Но семинарист сам остановил меня и спросил:
– Ты знаешь, кто это?
– Нет.
– Иван Саввич Никитин, которого ты хотел видеть.
– Быть не может!
– Ей-богу, правда.
Я бросил своего спутника и ринулся к поэту. (То-то молодость! Говорю же, мне было 17 лет, а Никитину лет 28.)
– Вы Иван Саввич Никитин? – спросил я у него.
– Я, – ответил он, взглянув на меня не совсем ласково, и стал продолжать свой путь далее по направлению к Щепной площади. Но я был не из тех, от которых легко можно бы было отделаться.
– Это вы написали:
Поутру вчера дождь
В стекла окон стучал;
Над землею туман
Облаками вставал...
И т. д., и т. д., я прочел все стихотворение до конца. Тогда я декламировал недурно.
– Да, – сказал Никитин.
– А это?.. – И я пошел отваливать его стихотворения одно за другим.
– Вы кто такой? – спросил наконец меня Никитин. – Семинарист?..
– Нет, – отвечал я ему, – я воспитывался в Харьковской гимназии, но я, так же как и вы, мещанин. Хотя мой отец теперь учитель и имеет чины, но я родился в то время, когда мой отец не поступал еще на службу, а он из мещан.
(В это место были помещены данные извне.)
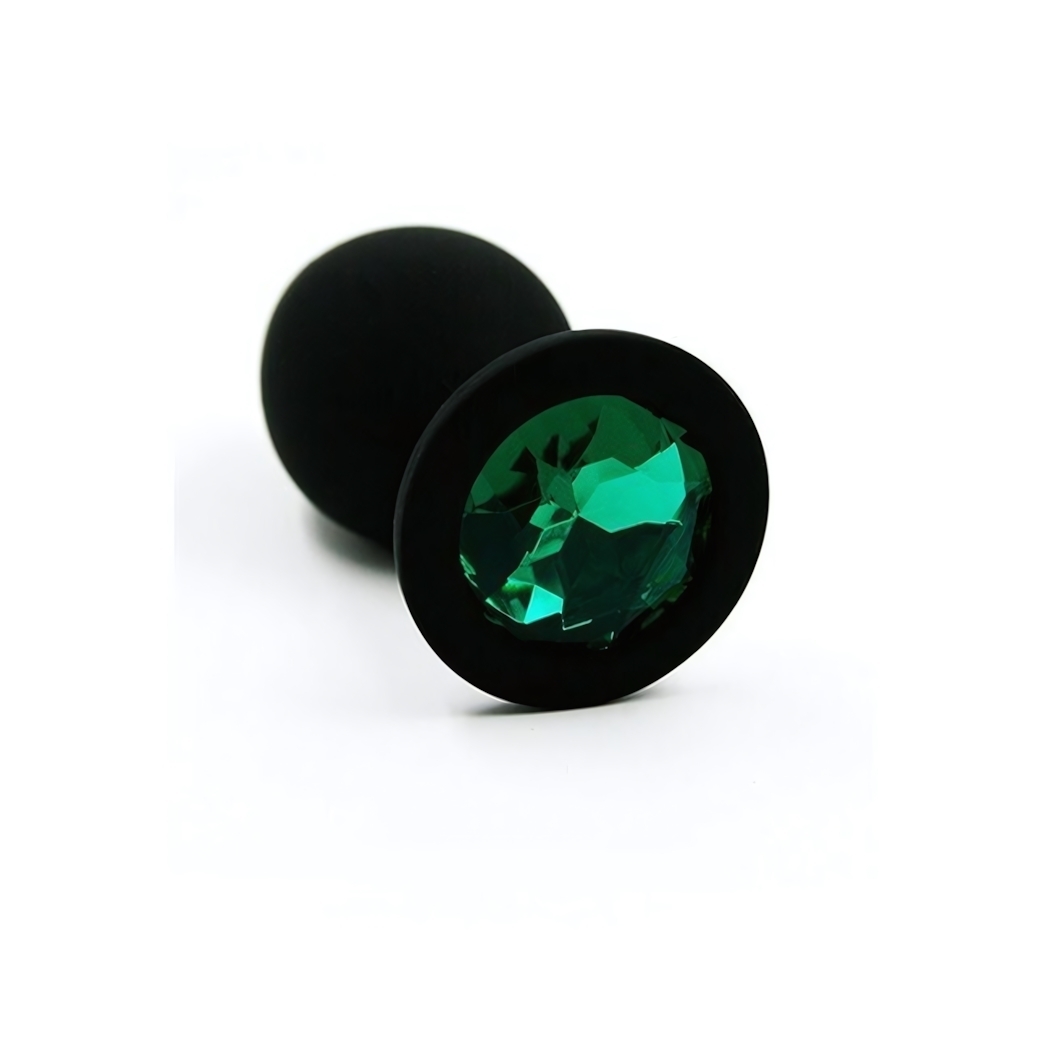 Анальная пробка силиконовая с зеленым кристаллом, 6,5 см, черная, мешочек в комплекте

Я даже занимался одной с вами профессией, был от 6 до 9 лет дворником у своей бабушки, содержавшей постоялый двор в городе Лубнах, Полтавской губернии, и зазывал проезжих богомольцев в Киев и на поклонение святителю Афанасию Лубенскому. Да как лихо!.. Другие дворники не могли против меня ничего поделать... Всех проезжих отобью... Мещанская косточка, à la Кольцов, шибай!..
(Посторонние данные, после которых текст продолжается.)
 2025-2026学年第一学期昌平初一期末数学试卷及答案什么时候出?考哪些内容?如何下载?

Угрюмый и, как видно; не со всеми сообщительный, Никитин улыбнулся и проронил:
– Что же вы тут делаете, в Воронеже?
Я рассказал, для чего я приехал в Воронеж, и когда коснулся формы экзамена на учителя, то заметил, что Иван Саввич очень заинтересовался и стал входить во всякие мелочи... Я заподозрил даже тогда Ивана Саввича, что он сам хочет держать экзамен на учителя уездного училища.
Разговаривая об экзаменах, мы дошли до Московской улицы и до лучшего в то время в городе Воронеже трактира купца Колыбихина, под названием «Московский трактир».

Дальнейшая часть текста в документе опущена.